Italian Braised Chicken Thighs with Rice
1 Tbsp. olive oil
8 to 10 bone-in chicken thighs, about 4 lbs., skin removed
Salt and black pepper, about ½ tsp. each
2 cups chopped onion
2 Tbsp. thinly sliced fresh garlic, about 4 garlic cloves
1 1/2 tsp. dried thyme
2 cans (14.25 oz. each) Del Monte® Diced Tomatoes with Basil, Garlic & Oregano, not drained
6 cups hot cooked rice
Green salad, optional
- Heat oil in a Dutch oven over medium-high heat. Season chicken with salt and pepper. Brown chicken about 5 minutes on each side, working in batches to fit in pan as needed. Remove browned chicken from pan and set aside.
- Add onion, garlic and thyme to same pan. Cook over medium heat until onion softens, about 3 minutes, stirring frequently until onion is soft.
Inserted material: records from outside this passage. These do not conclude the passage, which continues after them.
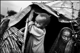 CHAD. GOZ BEIDA. 2007. A blind woman with her granchild in Goz Beida, a group of camps for Sudanese refugees and Chadian IDP's.
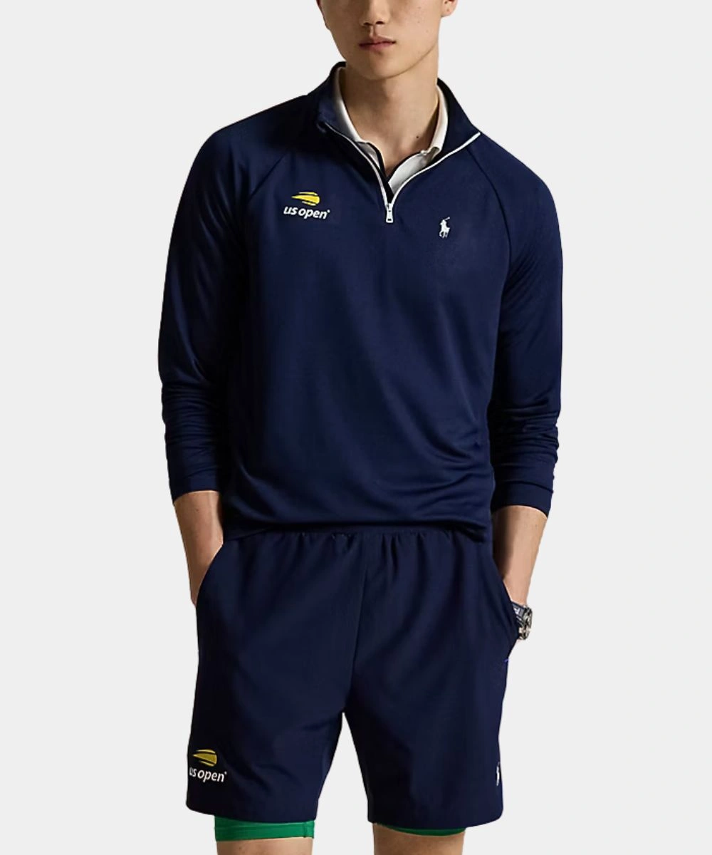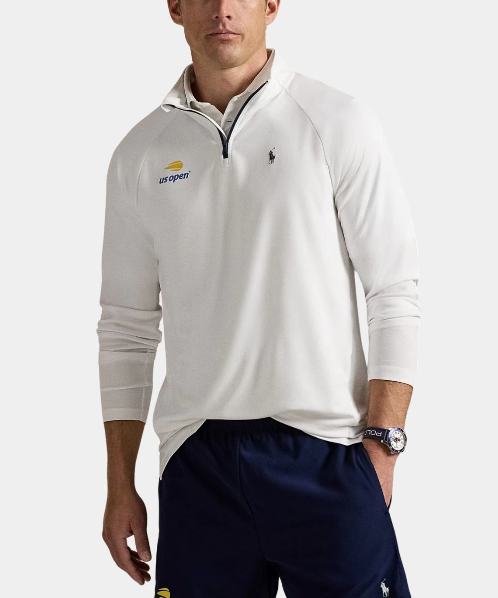 This jacket has clean, visible shoulder-to-sleeve reinforced stitching that gives you structured support and enhances movement. Polo Ralph Lauren US Open 20th Anniversary Performance Half-Zip Pullover Piqué Sweatshirt – Navy Blue and White is ideal for a sharp, defined style. The colour scheme adds versatility to your style, while quality construction ensures long-lasting wear. It has long fitted sleeves with rib knit cuffs to add extra coverage and a comfy fit. Available in crisp white shade contrasted by a navy blue zipper, it reflects the classic US Open palette. Its classic design makes this a standout piece for tennis fans and streetwear lovers alike.
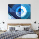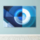 Este lienzo abstracto explora una fascinante combinación de formas geométricas, incluyendo círculos, triángulos y cuadrados, en una paleta de tonos azules profundos y suaves. El diseño yuxtapone elementos tridimensionales con patrones planos, creando un efecto visual que es a la vez moderno y dinámico. Ideal para quienes buscan añadir un toque contemporáneo a su espacio con una obra que invita a la contemplación y el análisis.

Add tomato liquid from 1 can and continue stirring, scraping up any browned bits from bottom of pan; cook until liquid has evaporated.
- Add tomatoes from both cans and remaining tomato liquid. Return chicken to pan. Bring to a simmer; cover pan and simmer 20 minutes or until chicken is no longer pink at the bone. While chicken is simmering, cook rice according to package directions to make 6 cups.
Serve on Day 1: Serve chicken and rice with sauce. Serve with a salad, if desired.
Save for Day 2: Store 3 to 4 chicken thighs, 1-1/2 cups sauce and 3 cups rice separately in refrigerator.